*** Excerpted data Section Begins ***
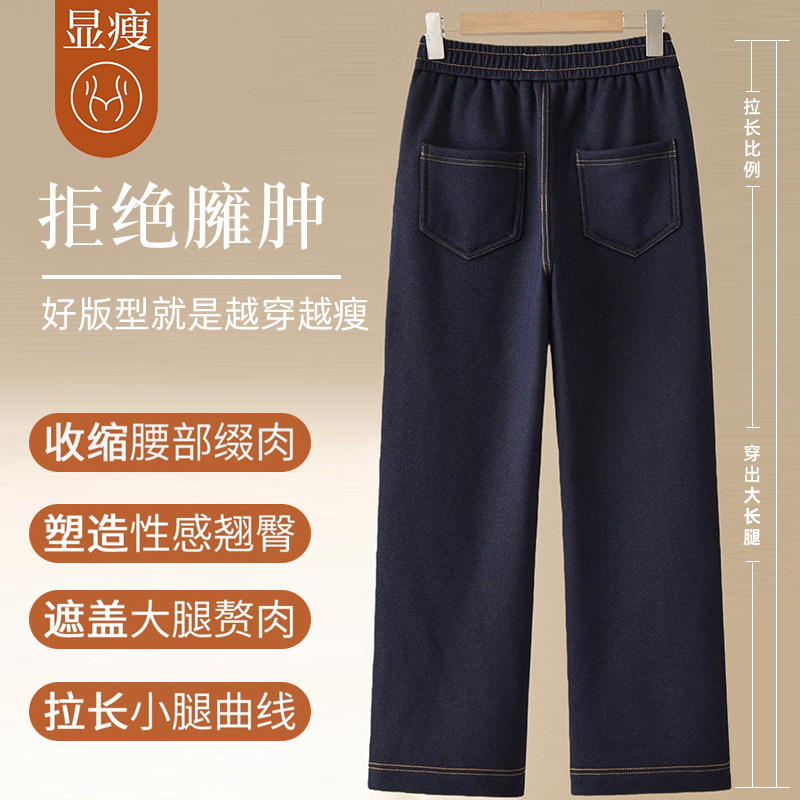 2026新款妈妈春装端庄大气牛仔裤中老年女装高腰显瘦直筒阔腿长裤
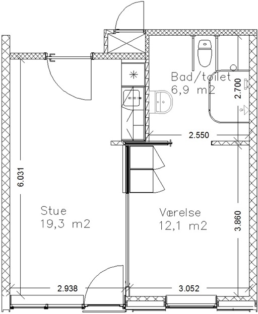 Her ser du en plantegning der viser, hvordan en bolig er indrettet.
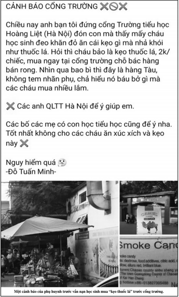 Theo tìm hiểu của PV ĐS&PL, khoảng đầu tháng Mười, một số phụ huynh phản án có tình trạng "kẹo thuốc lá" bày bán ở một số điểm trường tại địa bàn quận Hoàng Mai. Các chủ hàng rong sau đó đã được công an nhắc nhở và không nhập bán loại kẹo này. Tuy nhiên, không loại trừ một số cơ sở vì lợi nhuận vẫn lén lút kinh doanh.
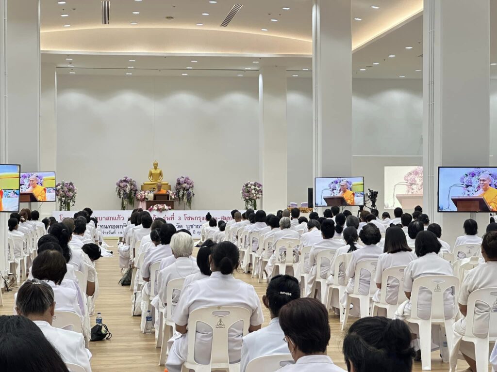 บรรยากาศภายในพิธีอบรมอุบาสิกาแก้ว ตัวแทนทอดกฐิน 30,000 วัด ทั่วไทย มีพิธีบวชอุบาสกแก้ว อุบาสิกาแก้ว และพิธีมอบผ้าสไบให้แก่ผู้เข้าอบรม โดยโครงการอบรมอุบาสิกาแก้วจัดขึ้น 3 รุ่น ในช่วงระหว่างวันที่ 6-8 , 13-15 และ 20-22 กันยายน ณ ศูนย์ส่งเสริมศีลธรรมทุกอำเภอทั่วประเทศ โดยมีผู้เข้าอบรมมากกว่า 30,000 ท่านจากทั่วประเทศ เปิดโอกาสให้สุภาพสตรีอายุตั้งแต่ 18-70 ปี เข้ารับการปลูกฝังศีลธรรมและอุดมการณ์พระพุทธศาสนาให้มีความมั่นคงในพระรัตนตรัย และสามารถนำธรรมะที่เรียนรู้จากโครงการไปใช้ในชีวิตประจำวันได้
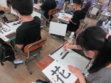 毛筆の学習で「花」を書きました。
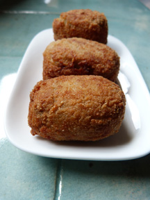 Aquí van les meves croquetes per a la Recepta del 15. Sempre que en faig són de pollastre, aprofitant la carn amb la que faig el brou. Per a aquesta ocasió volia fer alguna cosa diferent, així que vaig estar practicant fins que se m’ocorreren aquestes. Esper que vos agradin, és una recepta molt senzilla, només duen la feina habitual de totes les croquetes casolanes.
*** Excerpted data Section Ends ***
- Work item: Take the lines from the one that contains "บรรยากาศภายในพิธีอบรมอุบาสิกาแก้ว ตัวแทนทอดกฐิน 30,000" down to the last line of the listing above, both included, and set them down exactly, leaving out pictures.

- Response:
 บรรยากาศภายในพิธีอบรมอุบาสิกาแก้ว ตัวแทนทอดกฐิน 30,000 วัด ทั่วไทย มีพิธีบวชอุบาสกแก้ว อุบาสิกาแก้ว และพิธีมอบผ้าสไบให้แก่ผู้เข้าอบรม โดยโครงการอบรมอุบาสิกาแก้วจัดขึ้น 3 รุ่น ในช่วงระหว่างวันที่ 6-8 , 13-15 และ 20-22 กันยายน ณ ศูนย์ส่งเสริมศีลธรรมทุกอำเภอทั่วประเทศ โดยมีผู้เข้าอบรมมากกว่า 30,000 ท่านจากทั่วประเทศ เปิดโอกาสให้สุภาพสตรีอายุตั้งแต่ 18-70 ปี เข้ารับการปลูกฝังศีลธรรมและอุดมการณ์พระพุทธศาสนาให้มีความมั่นคงในพระรัตนตรัย และสามารถนำธรรมะที่เรียนรู้จากโครงการไปใช้ในชีวิตประจำวันได้
 毛筆の学習で「花」を書きました。
 Aquí van les meves croquetes per a la Recepta del 15. Sempre que en faig són de pollastre, aprofitant la carn amb la que faig el brou. Per a aquesta ocasió volia fer alguna cosa diferent, així que vaig estar practicant fins que se m’ocorreren aquestes. Esper que vos agradin, és una recepta molt senzilla, només duen la feina habitual de totes les croquetes casolanes.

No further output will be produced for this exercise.